◆ **Activity**: The lines running from the one that contains "to action button." to the end of the records below are what to reproduce, exactly and without pictures.
***** Source information
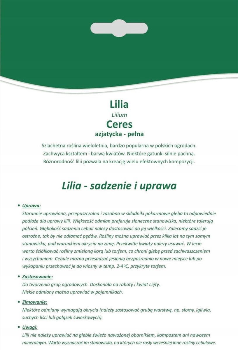 Lilia azjatycka pełna Ceres to wyjątkowa odmiana o głębokiej, czerwonej barwie kwiatów i eleganckim, pełnym kształcie. Stanowi mocny akcent kolorystyczny w ogrodzie i doskonale prezentuje się zarówno w kompozycjach rabatowych, jak i w bukietach.
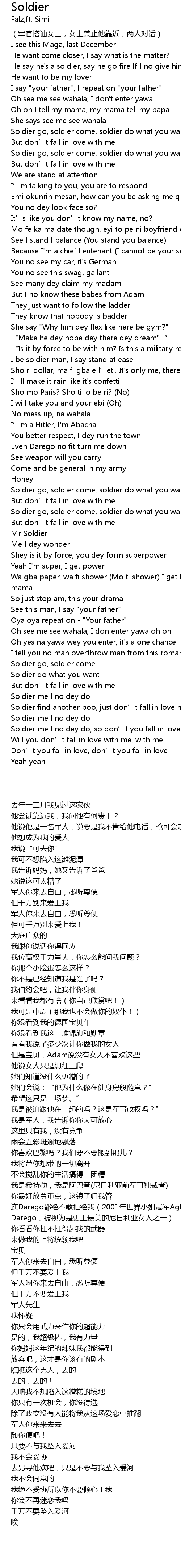 | [03:49] | Soldier find another boo, just don' t fall in love me |
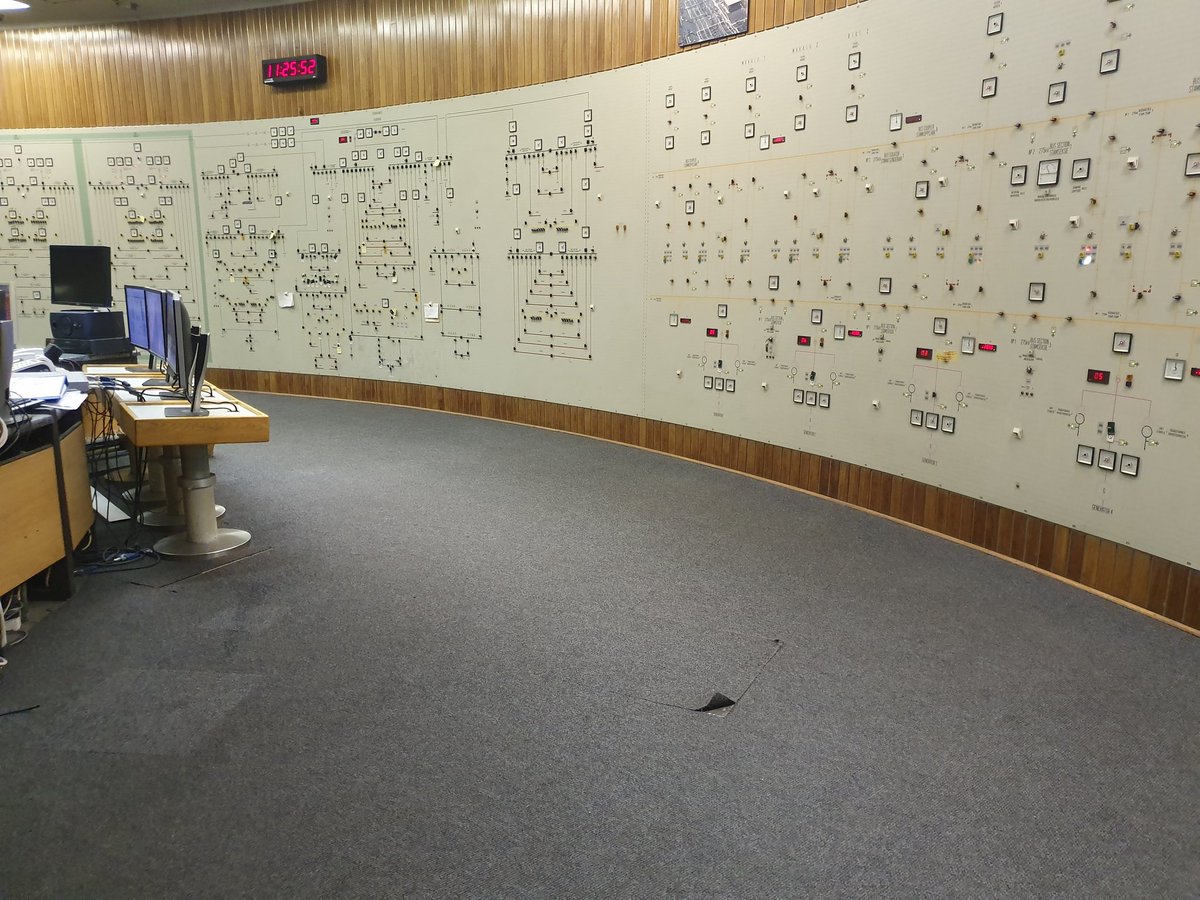 That's sent out into the transmission network. This wood-paneled control room plays a part
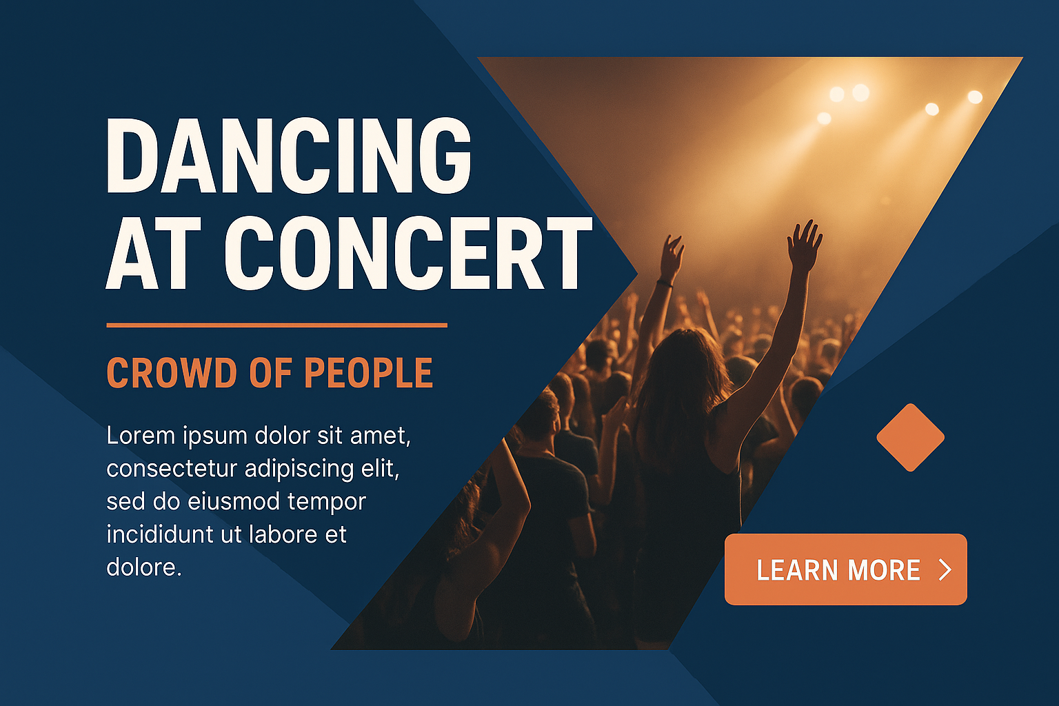 /Collection: /by davooda/Type: PNG/A lively scene capturing a crowd of people dancing at a concert. The design features a geometric layout with contrasting colors, engaging text elements, and a clear call to action button.
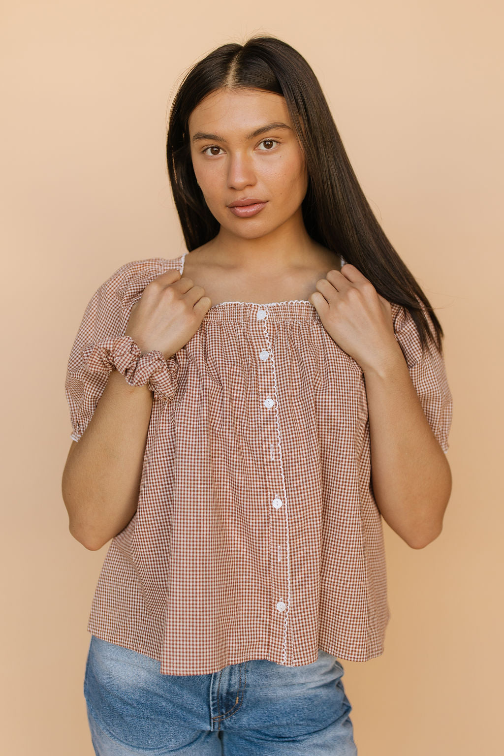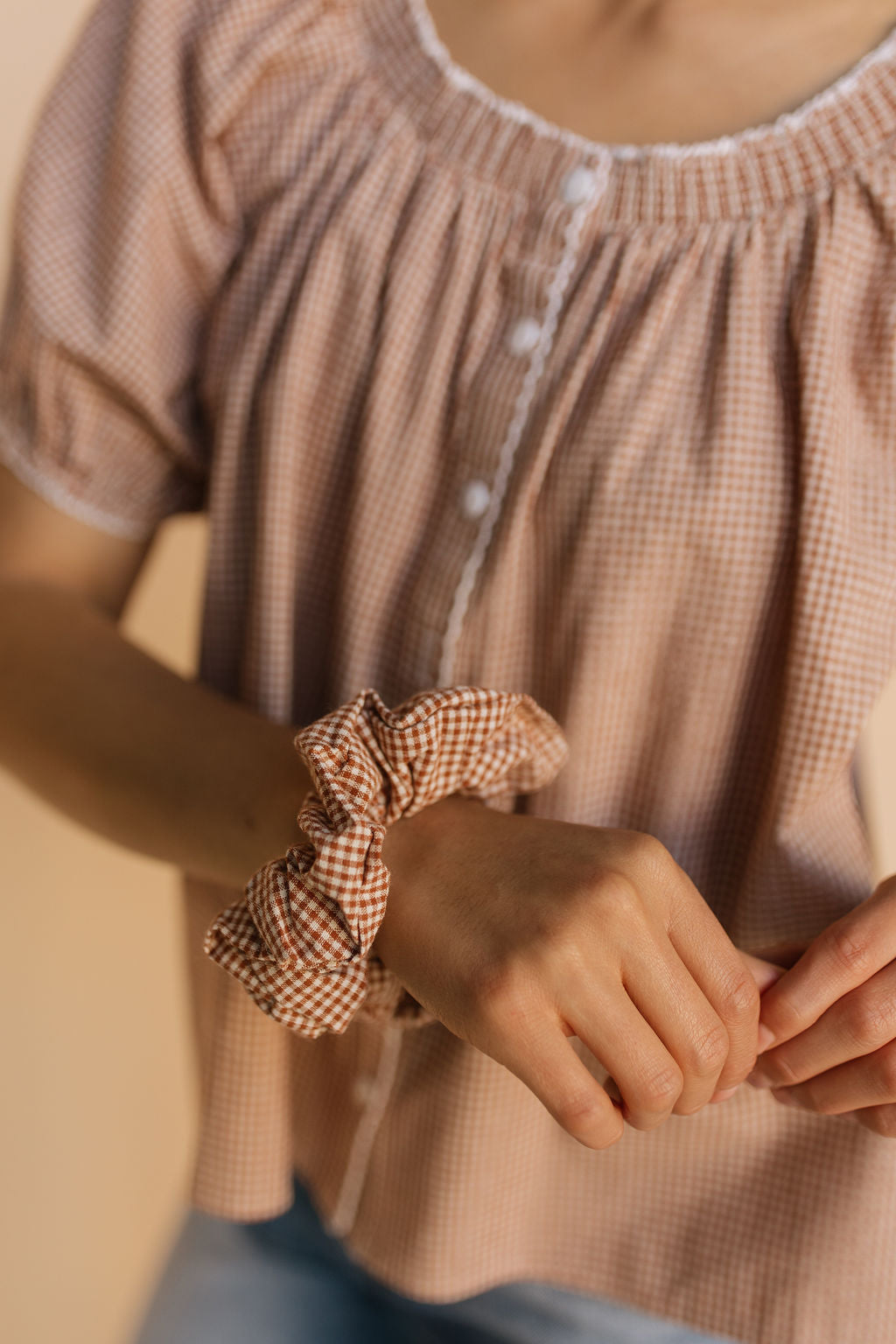 FINAL SALE - Gingham Scrunchie in Brown
**********
◆ **Result below**:
 /Collection: /by davooda/Type: PNG/A lively scene capturing a crowd of people dancing at a concert. The design features a geometric layout with contrasting colors, engaging text elements, and a clear call to action button.
 FINAL SALE - Gingham Scrunchie in Brown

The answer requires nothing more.